Give again, exactly as written, the lines of the records below from the line with "This is a Maroon" to the line with "فستان ساتان عاجي". Both end lines count; pictures do not.

Entries supplied:
▼
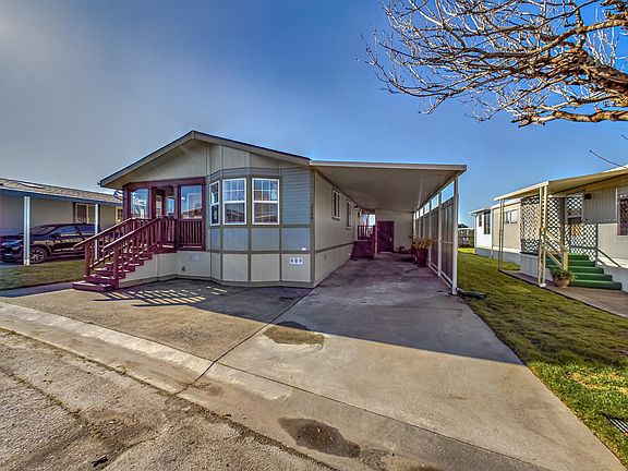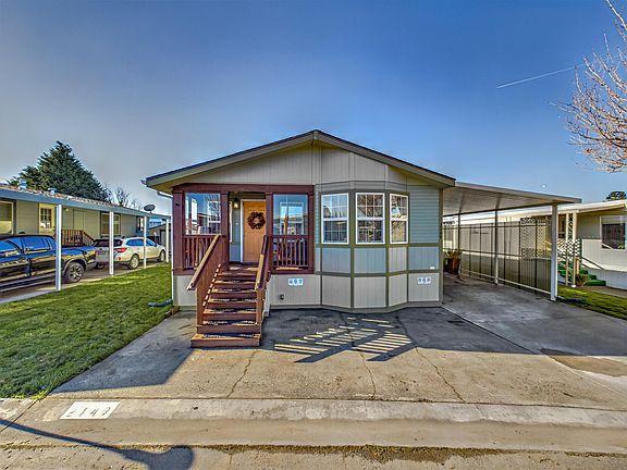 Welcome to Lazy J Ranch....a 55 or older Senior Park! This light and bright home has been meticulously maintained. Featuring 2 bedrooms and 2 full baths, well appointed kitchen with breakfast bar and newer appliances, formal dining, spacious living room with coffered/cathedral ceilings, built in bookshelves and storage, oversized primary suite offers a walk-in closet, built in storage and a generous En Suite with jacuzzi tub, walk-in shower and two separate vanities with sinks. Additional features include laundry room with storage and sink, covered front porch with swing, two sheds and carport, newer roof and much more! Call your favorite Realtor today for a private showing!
▲
▼
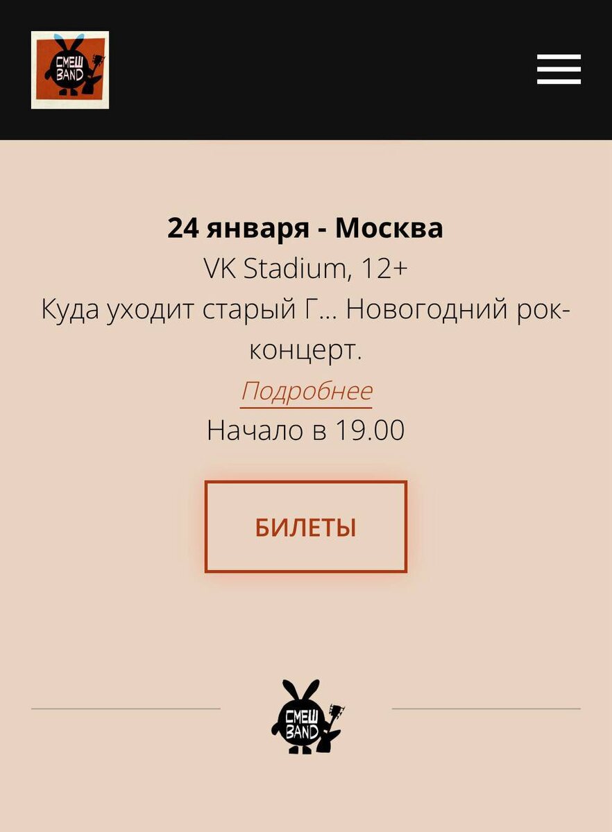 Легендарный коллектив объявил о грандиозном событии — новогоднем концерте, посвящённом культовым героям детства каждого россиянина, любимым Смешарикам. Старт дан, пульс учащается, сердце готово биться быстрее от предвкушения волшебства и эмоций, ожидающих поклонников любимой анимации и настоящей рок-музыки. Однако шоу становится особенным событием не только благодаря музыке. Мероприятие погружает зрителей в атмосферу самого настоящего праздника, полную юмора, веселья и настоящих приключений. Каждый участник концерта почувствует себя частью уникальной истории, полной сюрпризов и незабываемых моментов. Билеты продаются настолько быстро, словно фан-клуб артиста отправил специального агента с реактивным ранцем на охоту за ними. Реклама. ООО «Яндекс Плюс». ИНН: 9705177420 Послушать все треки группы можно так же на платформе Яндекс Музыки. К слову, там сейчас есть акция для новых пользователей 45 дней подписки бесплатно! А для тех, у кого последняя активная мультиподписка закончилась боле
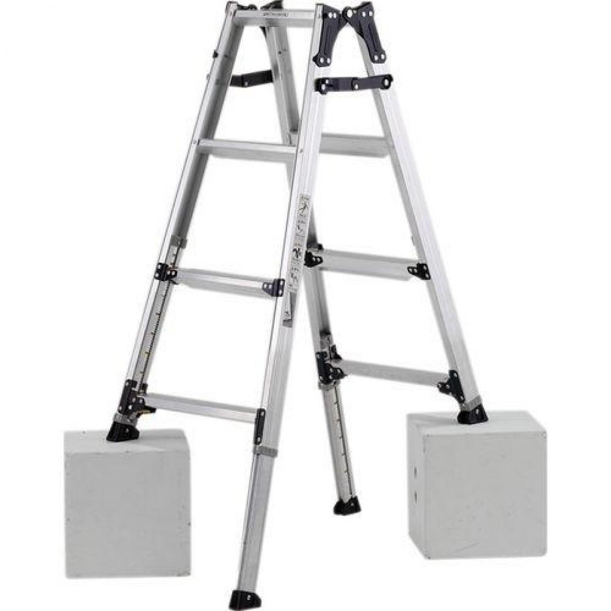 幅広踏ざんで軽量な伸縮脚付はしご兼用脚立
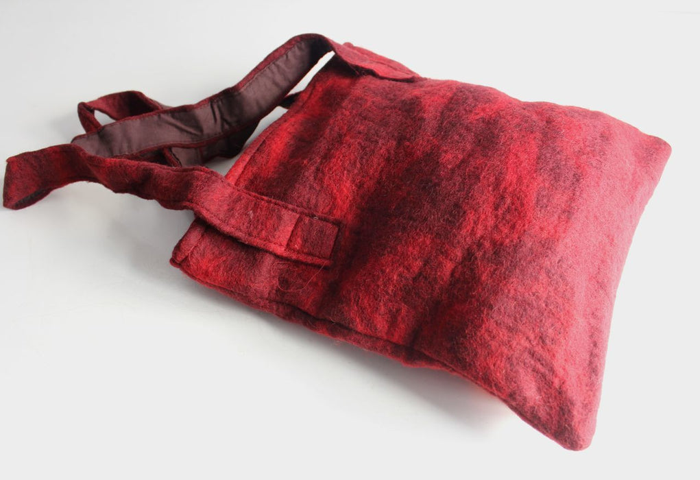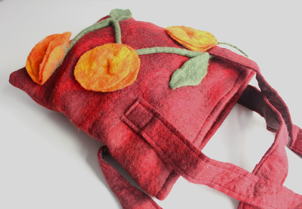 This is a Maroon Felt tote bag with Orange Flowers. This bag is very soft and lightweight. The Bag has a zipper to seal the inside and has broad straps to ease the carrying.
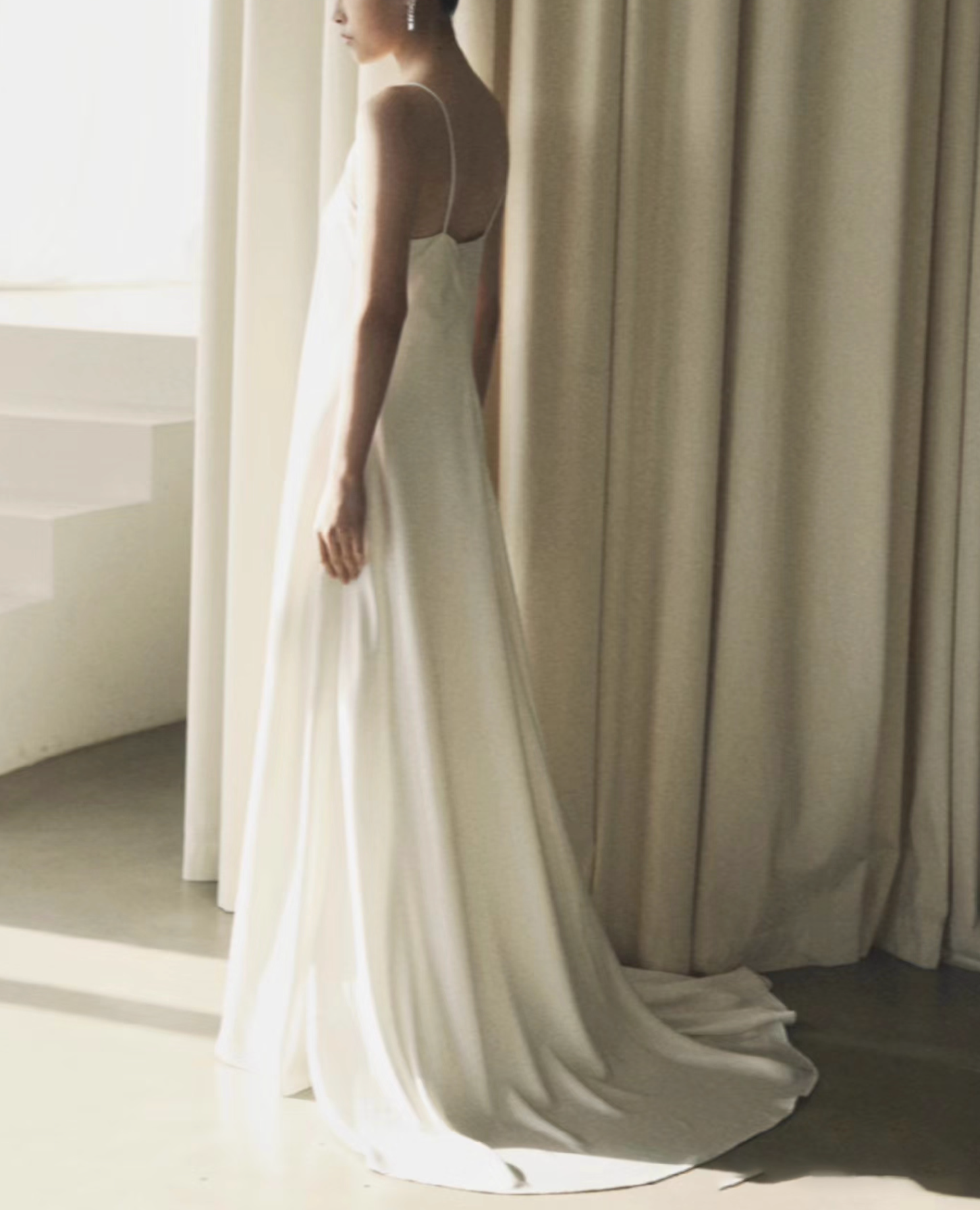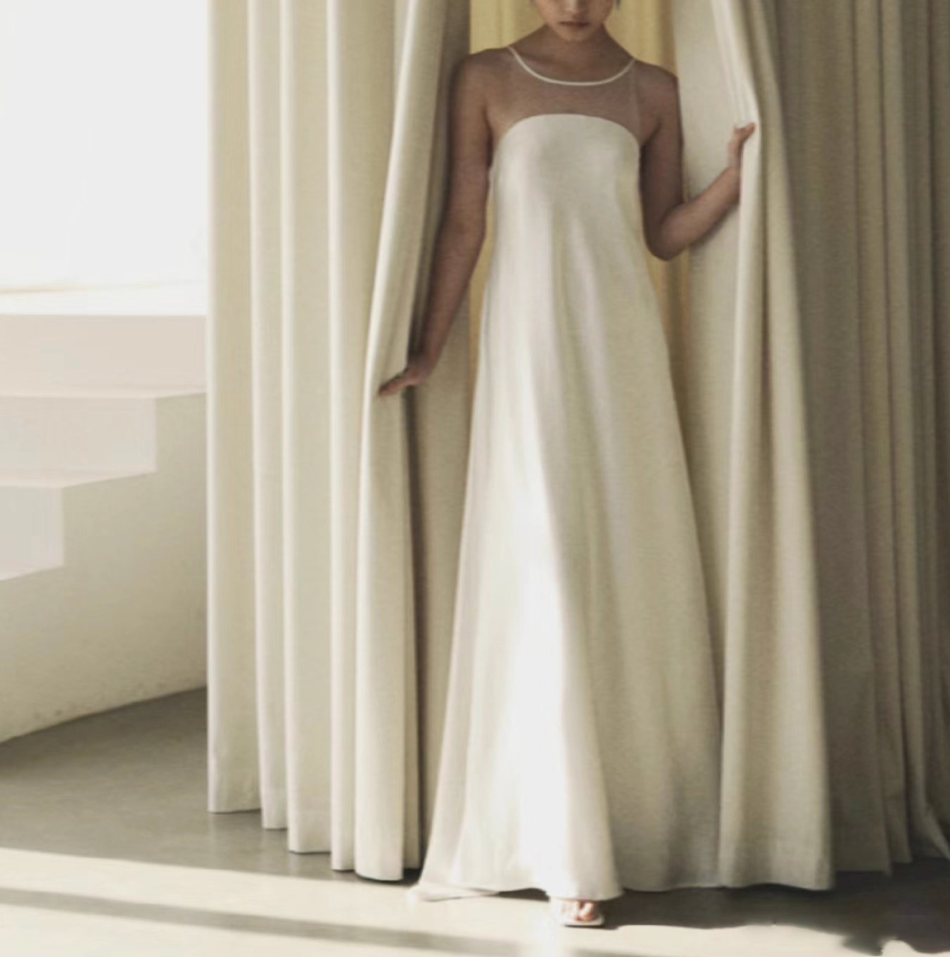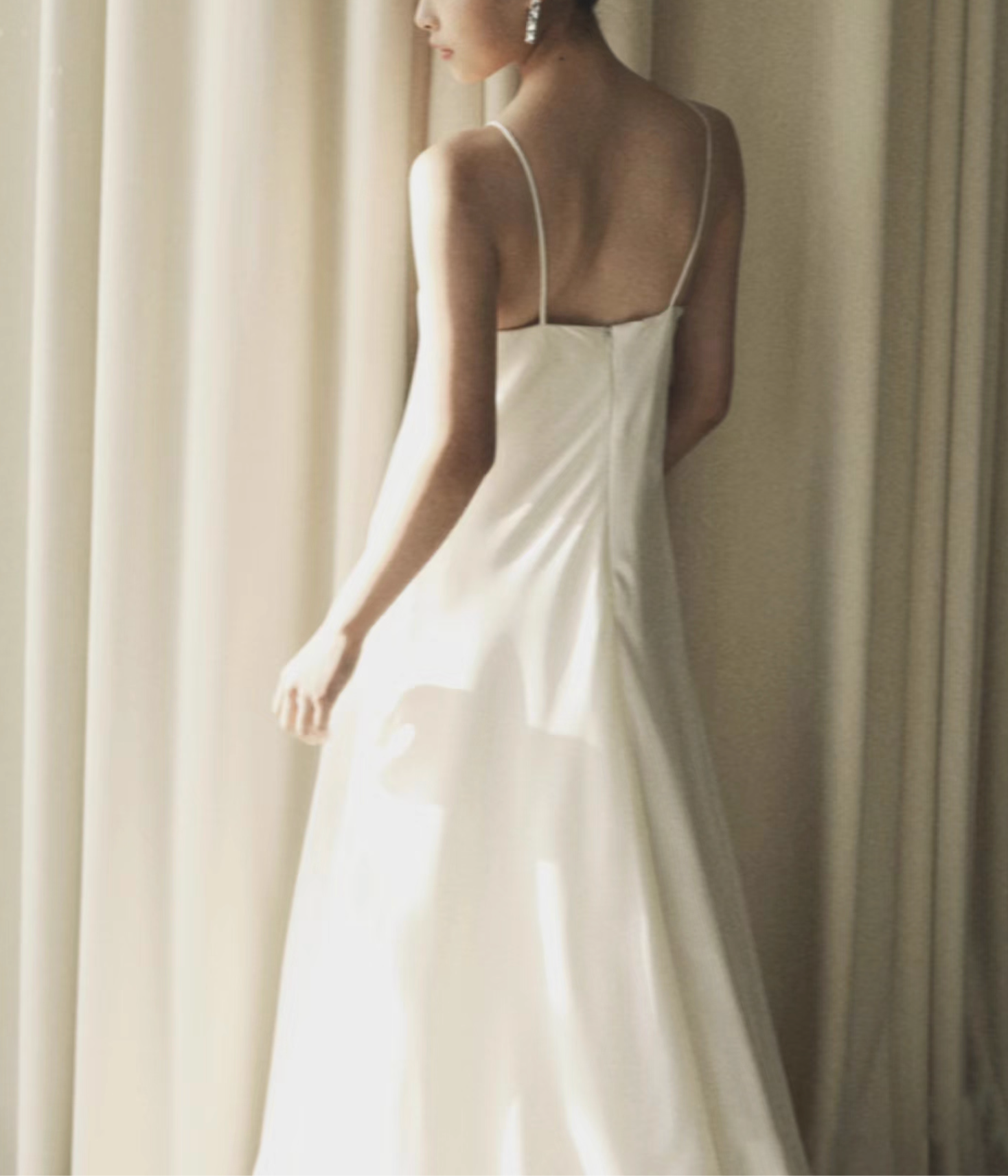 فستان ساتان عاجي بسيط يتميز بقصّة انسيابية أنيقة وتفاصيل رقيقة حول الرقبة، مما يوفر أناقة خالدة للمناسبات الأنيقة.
▲
▼
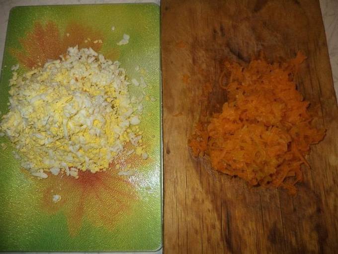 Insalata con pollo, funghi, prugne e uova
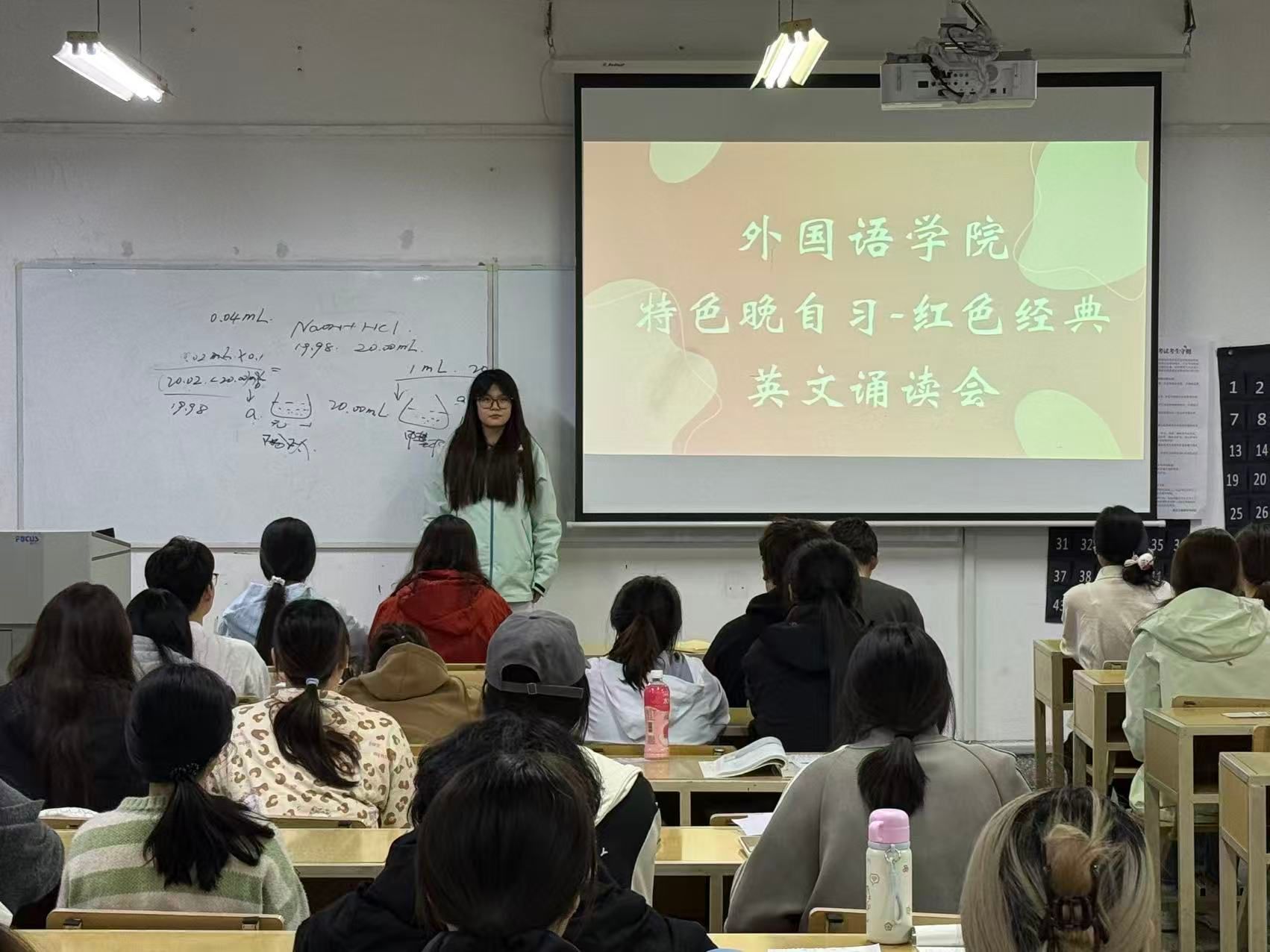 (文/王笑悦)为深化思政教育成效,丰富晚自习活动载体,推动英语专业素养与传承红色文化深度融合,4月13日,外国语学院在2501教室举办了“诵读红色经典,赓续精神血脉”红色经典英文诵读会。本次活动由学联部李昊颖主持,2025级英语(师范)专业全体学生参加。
▲
Answer space:
 This is a Maroon Felt tote bag with Orange Flowers. This bag is very soft and lightweight. The Bag has a zipper to seal the inside and has broad straps to ease the carrying.
 فستان ساتان عاجي بسيط يتميز بقصّة انسيابية أنيقة وتفاصيل رقيقة حول الرقبة، مما يوفر أناقة خالدة للمناسبات الأنيقة.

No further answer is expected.